# Rock Fries Your Brains

To read more about the dataset and see an explorative analysis have a look at the Rmarkdown file `rock-fries-your-brains.Rmd` in the exercises for the first lecture.

We load the needed packages for this exercise:

In [None]:
import numpy as np
import pandas as pd
import matplotlib.pyplot as plt
import seaborn as sns
from scipy import stats

## Load data

In the data, missing values are coded as 999 (but this is handled by the command 
below that replace 999 by NA). Loading data:

In [None]:
musik = pd.read_csv("https://asta.math.aau.dk/datasets?file=musik.txt", sep="\t").replace(999, np.nan)
musik.head()

## Mozart versus control group

We will compare the control group with the Mozart group, i.e. we leave
out the Anthrax group (group 3).

### Median time week 1

We will compare the median for week1, so we only extract this.

In [None]:
control = musik.loc[musik["group"] == 1, "median1"].dropna()
mozart  = musik.loc[musik["group"] == 2, "median1"].dropna()

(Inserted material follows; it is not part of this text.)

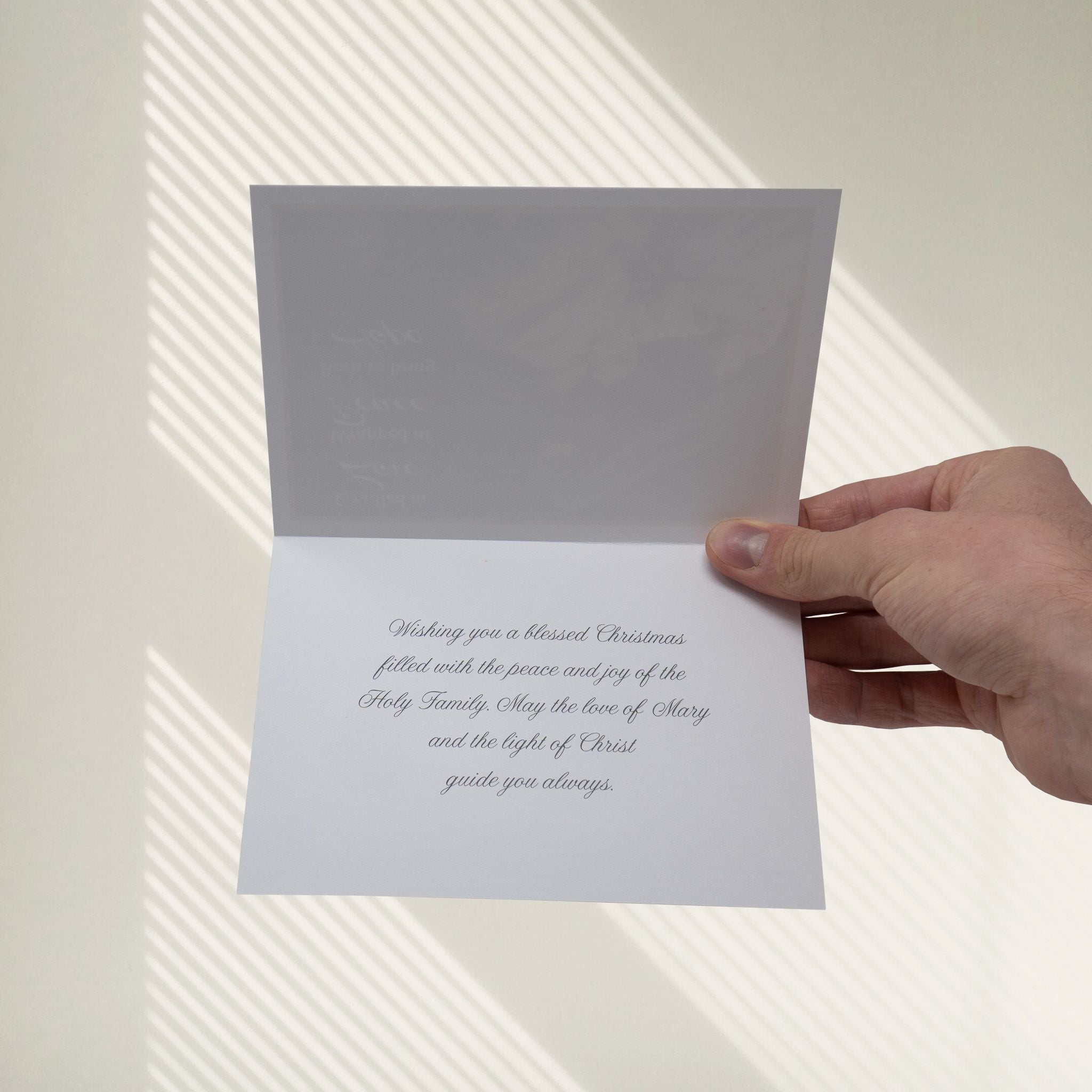 25 Cards. Inside: "Wishing you a blessed Christmas and a New Year filled with peace and love." Measures approx. 4 x 6" with envelopes.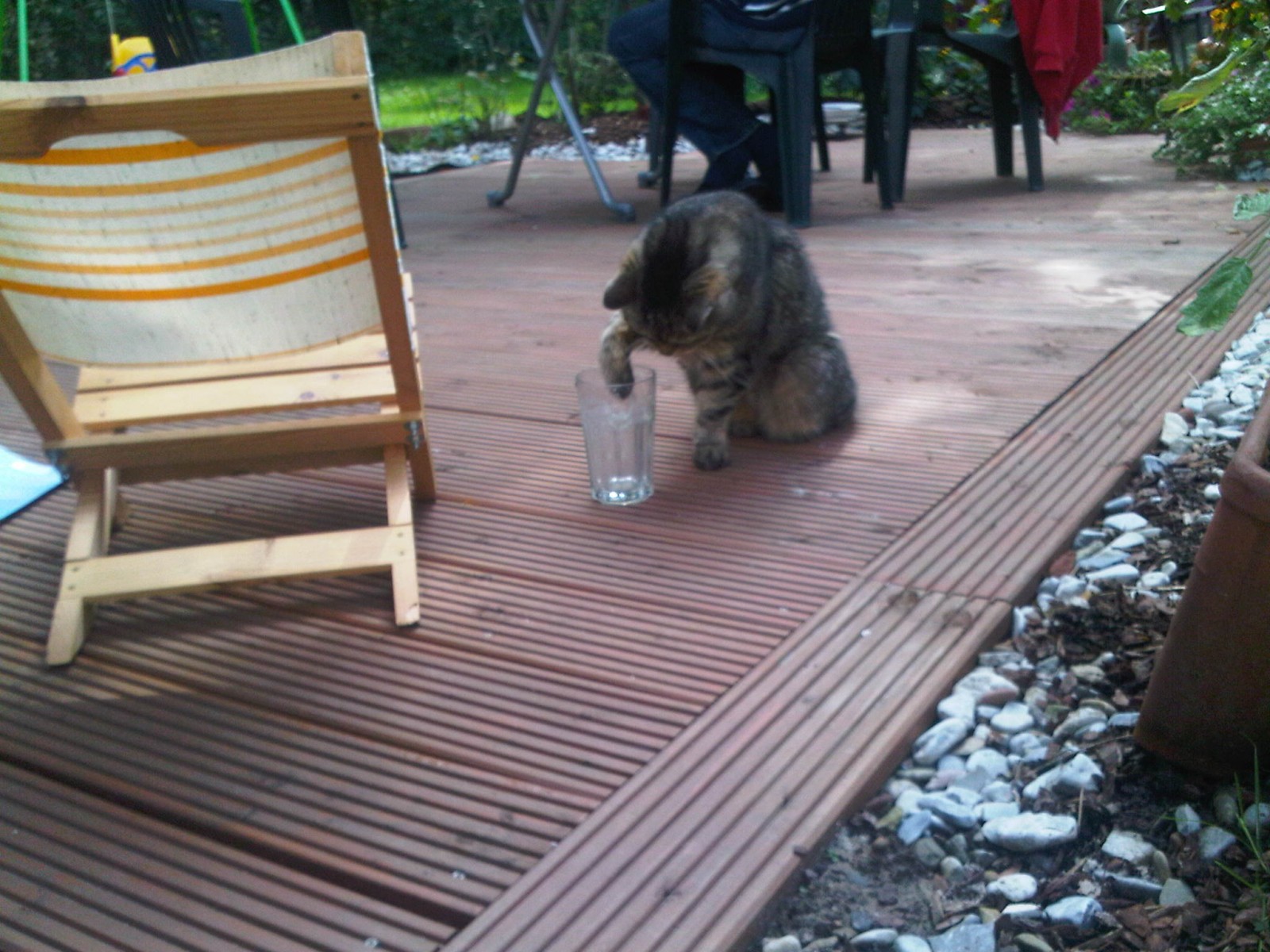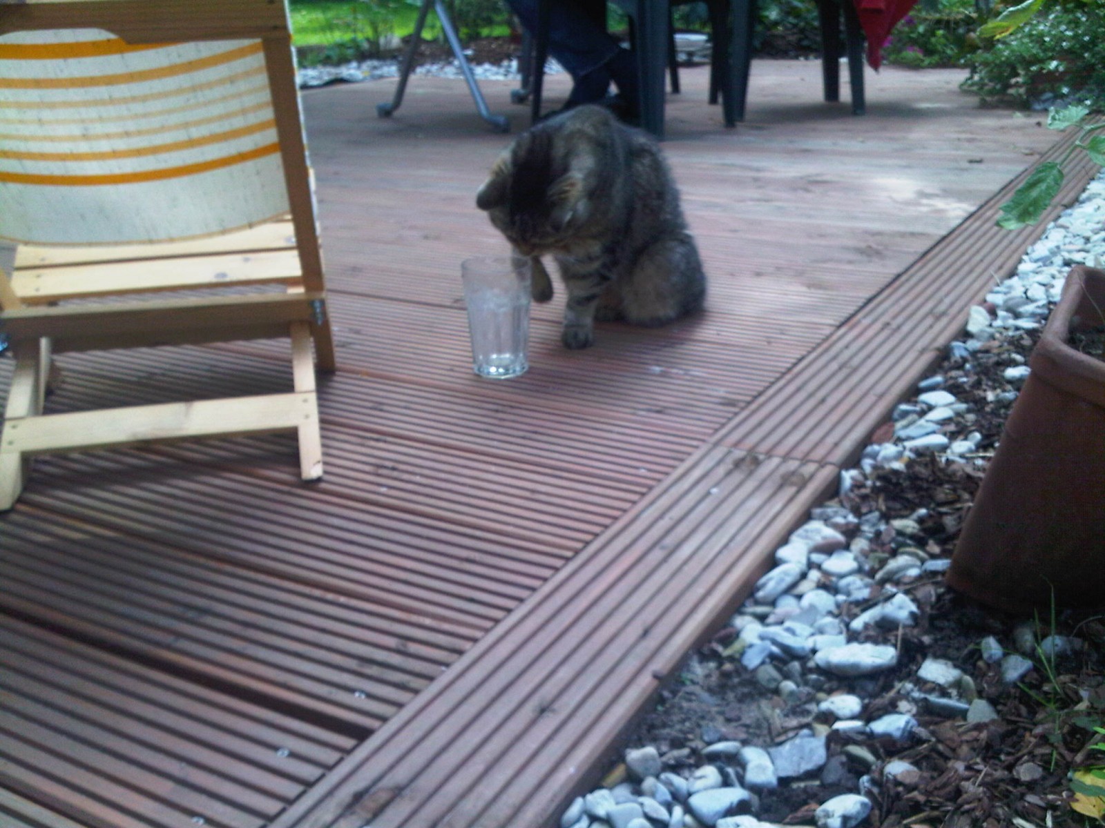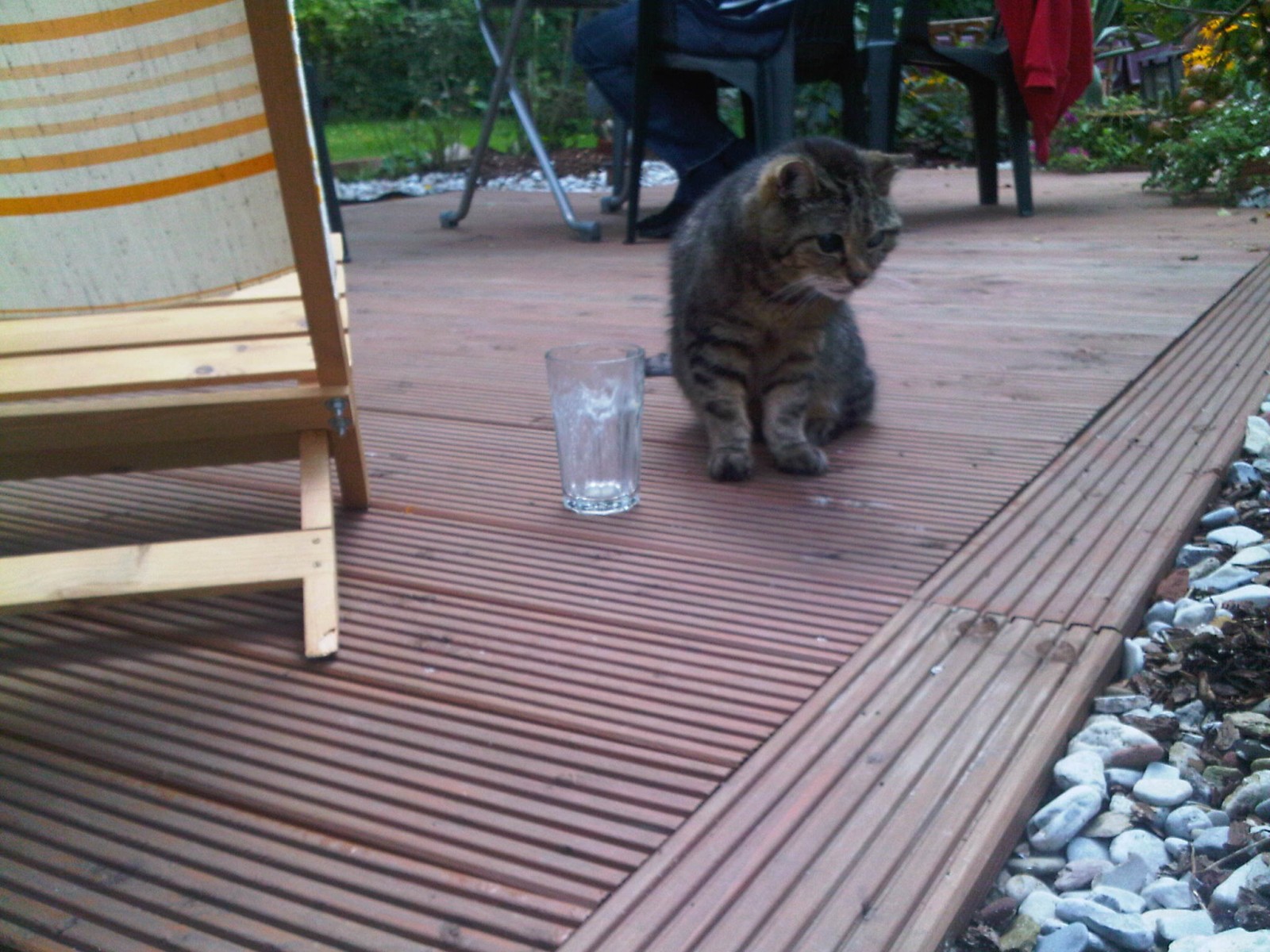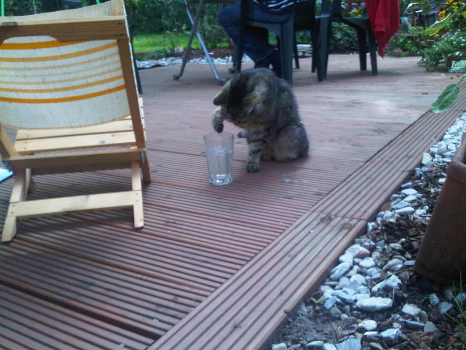Unser Hauskater mit seiner Leibspeise - Joghurt :-) und beim Probieren von Aprikosenmilchshake

Now compare the median for week 1 in the control and Mozart groups.
I.e. use a $t$-test to investigate whether the mean response is different for the two groups. One way of doing this is to use ´stats.ttest_ind´, so modify the following code to do this:

In [None]:
# t_stat, p_val = stats.ttest_ind(..., ..., equal_var=False)
# print("t =", t_stat, ", p =", p_val)

Supplement this analysis with a boxplot, where you modify the following code:

In [None]:
#plt.boxplot([..., ...], labels=["...", "..."])
#plt.show()

### Median time week 4

Make a similar analysis for `median4`

## Paired test for control group

We now only consider the control group and the response `median` for this group.
It is measured in week1 (`median1`) and week4 (`median4`) and we make a simple
dataset where we stack the median values from week 1 and week 4 on top of each other. The column `values` contains the values (median time) and the column `ind` is an indicator of week 1 or 4 (it is always good to have a look at the first few lines of the dataset with the function `head`):

In [None]:
control14 = musik[musik["group"] == 1]
median14 = control14[["median1", "median4"]].dropna()
median14_stacked = median14.melt(var_name="variable", value_name="value")
print(median14_stacked.head())

The following commands give a comparative analysis of the median from week1 to week4. Go through the
output and explain what you see in the descriptive comparison (summary statistics and boxplots) as well
as the inferential comparison (t-test).

In [None]:
summary_stats = median14_stacked.groupby("variable")["value"].describe()
print(summary_stats)

In [None]:
sns.boxplot(x="variable", y="value", data=median14_stacked)
plt.show()

In [None]:
t_stat, p_val = stats.ttest_rel(median14["median1"], median14["median4"])
print("t =", t_stat, ", p =", p_val)